[Problem requirements] Word for word, please restate the line that contains "överlämnad till museet...." and all lines after it through the end of the material, minus the pictures.
========
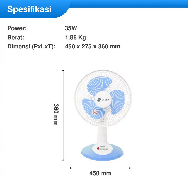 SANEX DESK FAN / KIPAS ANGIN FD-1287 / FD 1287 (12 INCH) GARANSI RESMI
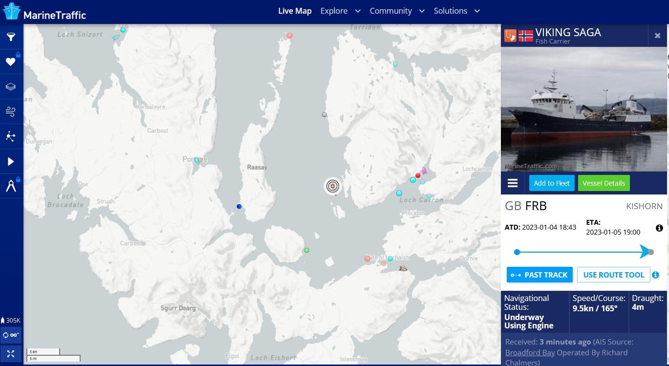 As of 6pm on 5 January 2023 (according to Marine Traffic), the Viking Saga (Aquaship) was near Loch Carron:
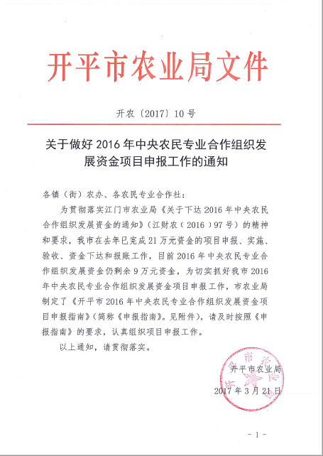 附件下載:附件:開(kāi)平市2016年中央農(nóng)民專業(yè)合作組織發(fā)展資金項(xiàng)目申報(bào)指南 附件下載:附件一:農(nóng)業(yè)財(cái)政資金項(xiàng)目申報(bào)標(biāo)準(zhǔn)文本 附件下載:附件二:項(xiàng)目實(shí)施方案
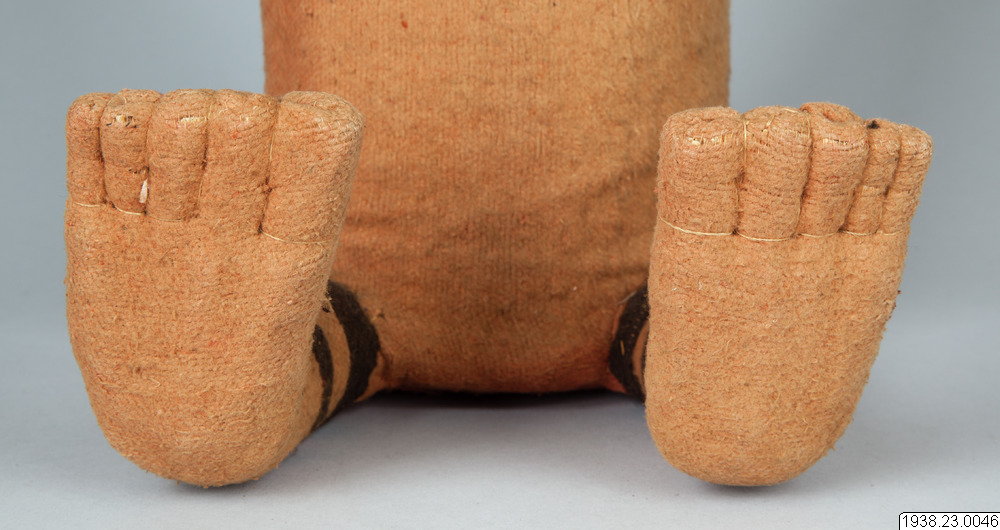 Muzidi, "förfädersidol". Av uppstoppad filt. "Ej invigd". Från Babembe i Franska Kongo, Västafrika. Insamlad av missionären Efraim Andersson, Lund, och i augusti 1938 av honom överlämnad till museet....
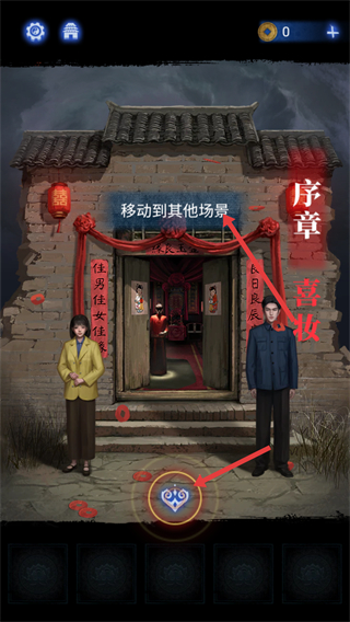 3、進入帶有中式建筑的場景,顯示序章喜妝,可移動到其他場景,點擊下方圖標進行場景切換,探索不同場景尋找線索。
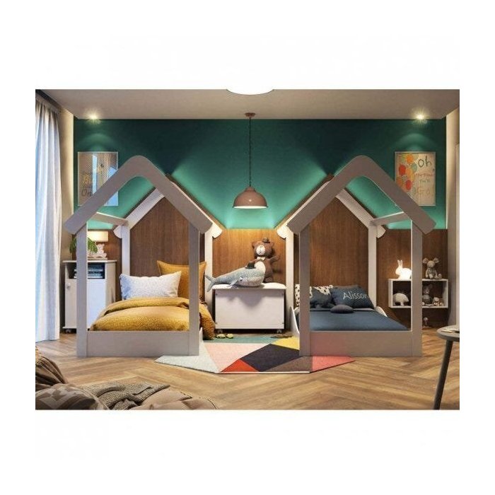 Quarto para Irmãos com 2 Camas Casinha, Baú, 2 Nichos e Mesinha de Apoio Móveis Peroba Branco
========
[Answer space]
 Muzidi, "förfädersidol". Av uppstoppad filt. "Ej invigd". Från Babembe i Franska Kongo, Västafrika. Insamlad av missionären Efraim Andersson, Lund, och i augusti 1938 av honom överlämnad till museet....
 3、進入帶有中式建筑的場景,顯示序章喜妝,可移動到其他場景,點擊下方圖標進行場景切換,探索不同場景尋找線索。
 Quarto para Irmãos com 2 Camas Casinha, Baú, 2 Nichos e Mesinha de Apoio Móveis Peroba Branco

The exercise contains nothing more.